First note that this touch-based "mirror mechanism" is quite different from so-called motor mirroring. The motor claim is non-trivial: perceptual understanding is not achieved by perceptual systems alone, but must (or can benefit from) involvement of the motor system.
What about perceptual mirroring? At the most abstract level, the claim is this: perceptual understanding is based on perceptual processes. Not so insightful is it? Perhaps it's even vacuous. But maybe this is too harsh an analysis. One could presumably understand the concept of someone being touched on the arm without involving an actual somatosensory representation. So maybe it is non-trivial, insightful even, that we do activate our touch cortex when observing touch. In fact, for the sake of argument, let's grant that the empirical observation is true and that it does contribute to our understanding.
What might it add to understanding? Or put differently, how much does that somatosensory "simulation" add to our understanding of an observed touch? Consider the following narrative scenarios.
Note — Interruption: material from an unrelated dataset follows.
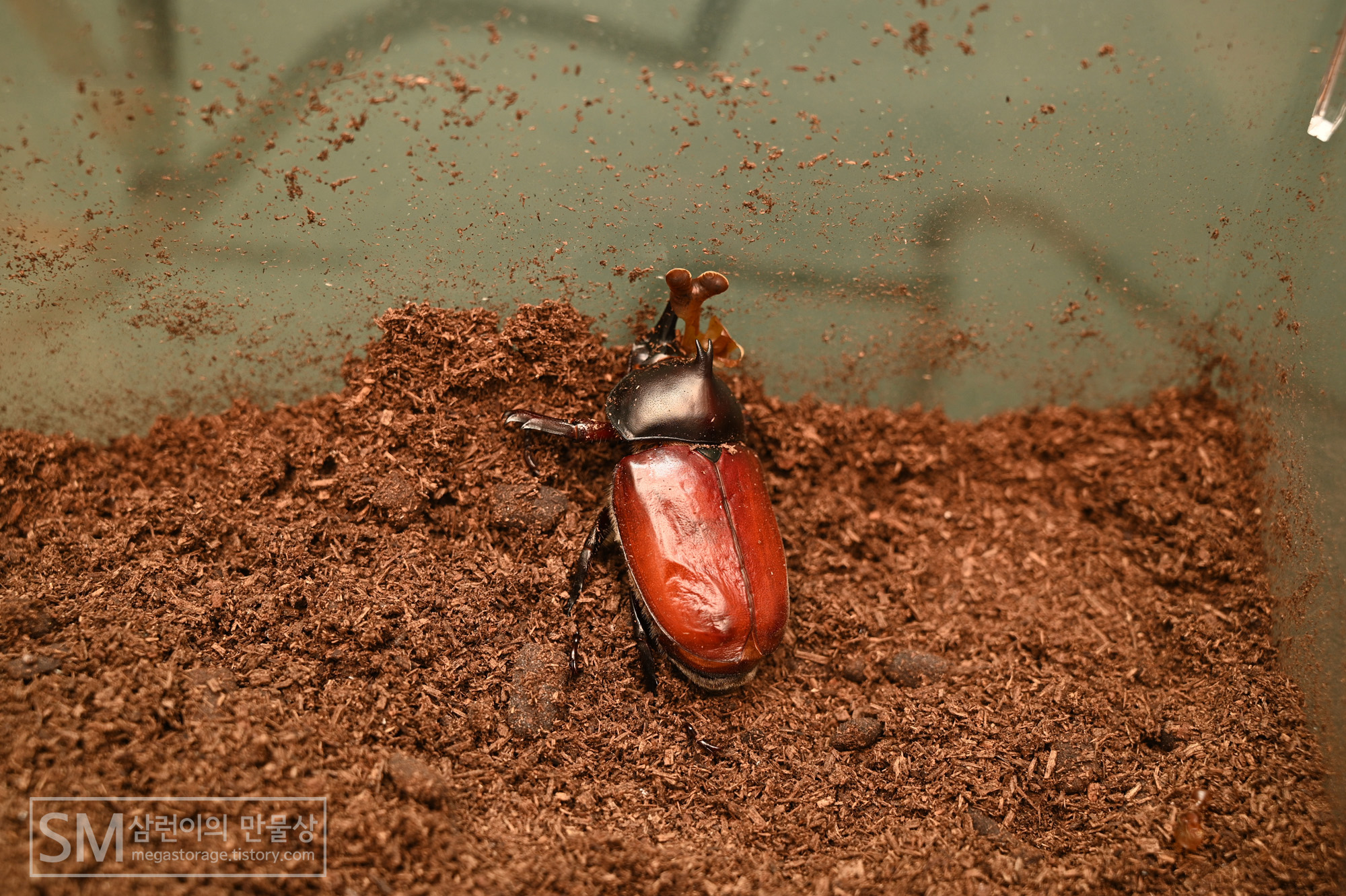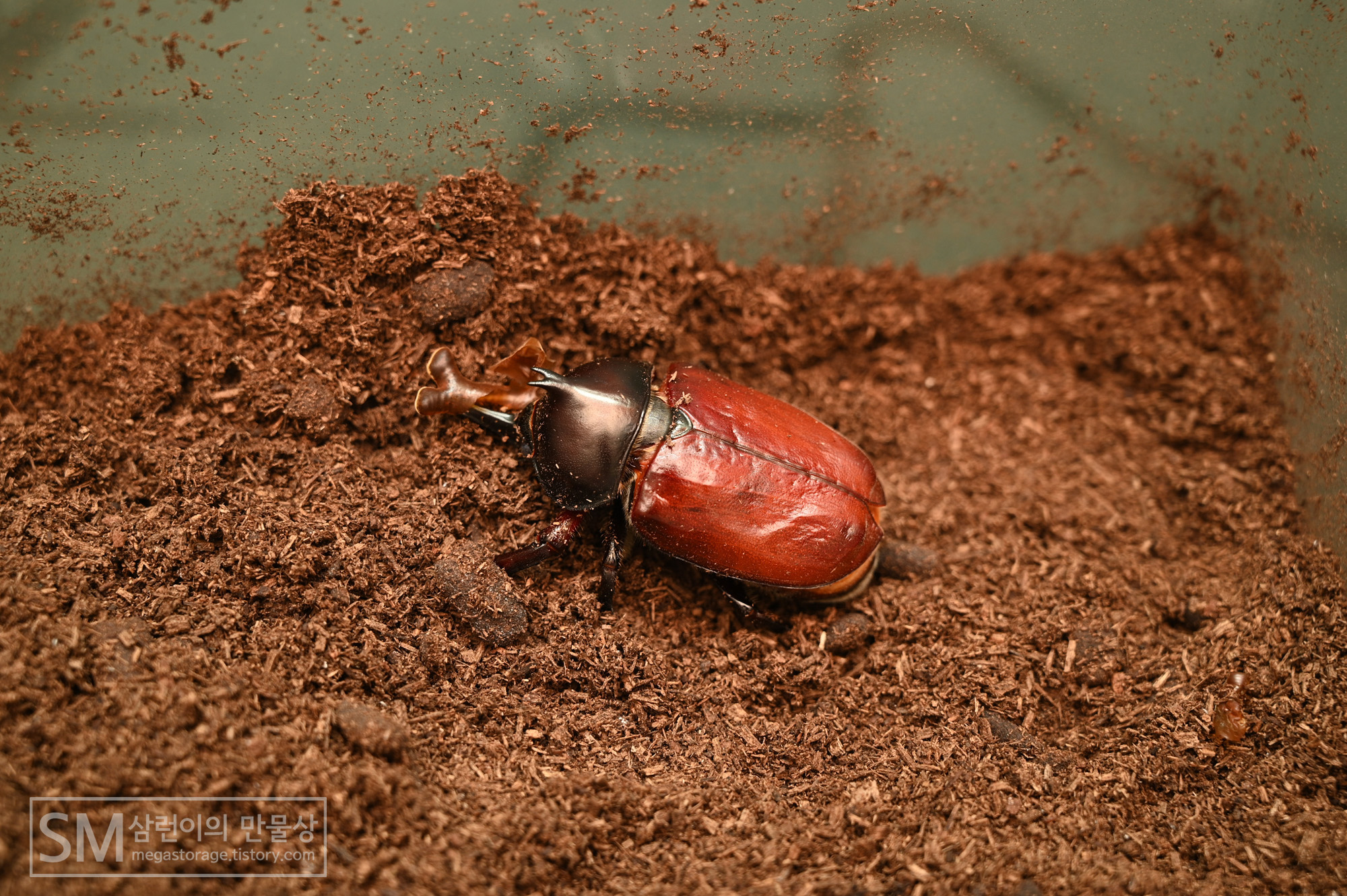뒤집어진 상태로 오랜 시간이 지나서인지, 날개가 이상하게 자리잡혔습니다. 처음엔 성충이 된지 얼마 안되어서 날개가 저런 모양일줄 알았는데..... 저 상태로 쭉 가게 됩니다. 여기저기 움직이고 톱밥 속으로 들어가다보니 날개가 손상되고.. 뭐 그렇습니다. ㅠㅠ

Scenario #1: After he expressed his affection during the romantic dinner, the man reached out and touched the girl gently on the arm.
Scenario #2: After subduing his victim during the home invasion, the man reached out and touched the girl gently on the arm.
How much our understanding of the meaning of that touch action is encoded in the somatosensory experience? Almost none of it. The "meaning" of the action is determined for the most part by the context as it interacts with the observed action. The touch wouldn't even have to actually happen, or it could occur on a different body part (all very different experiences from a somato standpoint!), and it wouldn't alter our understanding of the event. Yes, it's true that simulating the actual touch might add something, i.e., having a sense of what the actual gentle touch felt like on the arm, but what drives real understanding is the interpretation of that touch in its context, not the somatopically specific touch sensation itself.
Conceptualized in these terms, to say that somatosensory simulation contributes to understanding of others' touch experiences is like saying that "acoustic simulation" of the voiceless labiodental fricative in the experience of hearing "fuck you" contributes to the understanding of that phrase. Yes, I suppose the /f/ plays a role, but how it combines with "uck you" and more importantly who said it to whom and under what circumstances is where the meat of the understanding will be found.
It's interesting and worthwhile to understand all the cognitive and neural bits and pieces that contribute to understanding. Lowish-level embodied "simulation," whether motor or sensory, may have a role to play. But it is important to understand these effects in the broader context. Don't for a second think that we've cracked the cognitive code for understanding just because M1 or S1 activates when we see someone do something.